I leaned against him and laughed.

CHAPTER
29

It’s strange how I remember images, moments most of all. The alarm made everything blur together, but I remember the light shining oddly off Barbarian Mike’s and Trixie’s clasped hands as they were forced to surrender. I remember the confused look on one Kingsman’s face as he tried to cast me and Peter into a containment spell (they didn’t realize we were the victims at that point). I remember seeing one Kingsman, crouched down in front of me, seeing his mouth move as he said my name, realizing he
knew
my name, but not hearing it because that awful alarm was still screaming. He’d recognized me and convinced the others to stop trying to put us under arrest. Then he called for help for Peter. They took us into the palace, and I hobbled along until one of the Kingsmen shook his head and swooped me up in his arms. They took us into the small doctor’s office, and I remember waiting with Peter under the glaring lights and realizing that the alarms hadn’t followed us, that the pounding was coming from my own ears.
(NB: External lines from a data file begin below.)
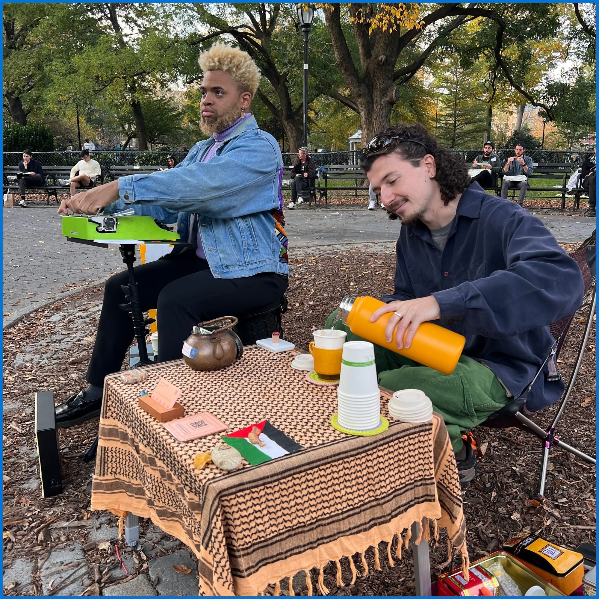 ๐ช April 15: the day began with sun and warmth and tentative tea drinkers stopping by. waves of park goers trickled in, passing by the tea stand like gentle breezes. bob stopped by, then jw, and soon juno, and while they chattered, more folks came by to grab some tea before they headed to work, or as they walked home. the park is an intersection, of timelines, of jobs, of class, of culture. more friends came; liam on his birthday, kena making birthday cards, sam on his lunch break. new friends, too; ziggy and julie and max the big dog in the little red wagon. it was a joy. soon the winds came, and ruth told her stories, and rain pitter pattered, and the birds sang. and then the sun, again, and the golden light of dusk, and miles to wrap it all up. just one last cup of tea for felipe and daniel. what a day! [Written by John]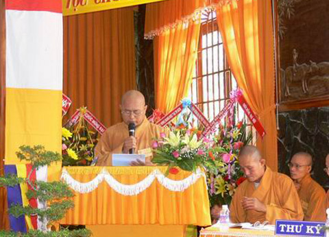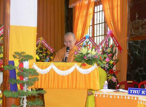 TT. Thích Huệ Tâm – Phó Trưởng ban Thường trực Ban Trị sự thông qua báo cáo tổng kết nhiệm kỳ III (2007 – 2007)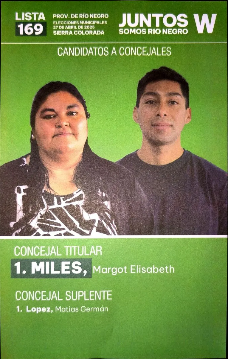 Juntos Somos Río Negro, en tanto, con la lista 169, ofrece como alternativa titular a Margot Elisabeth Miles y a Matías Germán López como suplente.

We were barely there five minutes when Alexa burst in. She choked something out, I couldn’t hear what, and threw her arms around me.

“What do you think,” she finally managed, “what do you think I felt like, getting a call in the middle of the night that the school’s been attacked, and I show up to find out you’re not there?” And she started crying. I’d never seen Alexa cry. Mom and Dad said she hadn’t cried since she was sixteen, when she begged them not to send her back to school after summer break. “I found Becky, and we tore through the goblin conclaves—all of them in the city! I didn’t wait for permission, I didn’t even ask! I threatened—” She put her hands over her mouth and crumbled.

I hugged her; she hugged back until it hurt.

“Did you find the other kids? The ones that were taken?” I asked when she calmed.

Alexa nodded, and I could almost see her pulling herself back together. “Most of them.” Then she added, at seeing Peter’s blank look of horror, “They’re all
alive
. Fred was there. We got him back, he’s fine. But …” She paused for a very long time. “We’re still tracking down some of the other kids. The ones Trixie sold.”

“Fran?” I asked.

“Sold,” Peter said. He gripped my hand. “She was sold. I saw them take her away.”

Afterward, Alexa took us back to the school. She guided us past the police barriers, through the courtyard to the dining hall—me on piggyback because the doctor confirmed my ankle
was probably sprained and, after wrapping it up, told me to keep off it as much as possible.